I was here, with him. He’s only five.
The policeman nodded, and she looked again at her hands. She wasn’t with him. She hadn’t been with him.
We’ll start our search in a five-mile radius, the policeman said. Do you have a photograph for us?
Of course I do. She got up to get one from the kitchen. You’ll find him, right? Promise me you’ll find him.
We’ll do our best, ma’am.
She held the door for the policeman, and then she stepped out after him. She could barely breathe, the fear a boa constrictor around her throat. She walked around the side of the house, past the overgrown hydrangea bush she had not tended to since Lucas had been born, past the vegetable garden she hadn’t weeded or thought about in years. She had wasted so much time feeling sorry for herself. She knew without a doubt that if Lucas were really gone she could not continue to live. He was her baby, her sweet son, her everything.

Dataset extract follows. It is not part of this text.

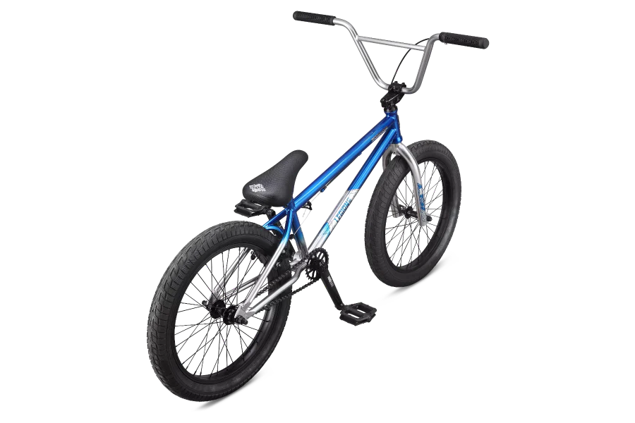 El juego de ruedas tiene neumáticos de 20" x 2,3" montados sobre llantas de aluminio de pared simple 36H. El juego de ruedas de esta bicicleta también cuenta con un buje delantero con eje hembra de 3/8” y un buje trasero con casete de rodamiento sellado y piñón 9T.

It was in this moment that she heard something. A scuffle. Something moving along the dirt. Her heart sped up and she moved more quickly to the back of the house and the deck. There was a hole in the lattice that hid the area beneath the deck. It had been there since they bought the house eight years ago, something they had always meant to repair. She peered in and there was Lucas. She breathed out, the sound low and animal-like, a sound she didn’t recognize as her own. Lucas did not look up at her. He was too busy moving his hands along the edges of the deck, where it dropped off and the world vanished beneath it. He sat in this netherworld, and she sat on the outside trying to see him in the darkness.
Lucas, she whispered. Come here. Are you hurt? Come here now.
He came slowly, and once he was out she held him close.
Are you hurt? Let me see you.
He smiled. Store, he said, meaning he wanted to go to the store to see the conveyor belts. She hugged him again, everything inside her unraveling. In the house she called the police station and apologized. She knew it was too late to call Tim. She held Lucas on her lap, smelling his warm scent, feeling his solid flesh.
You can’t do that again, she told him. You can’t just disappear.
He said nothing. She couldn’t know what he understood. She couldn’t know anything at all.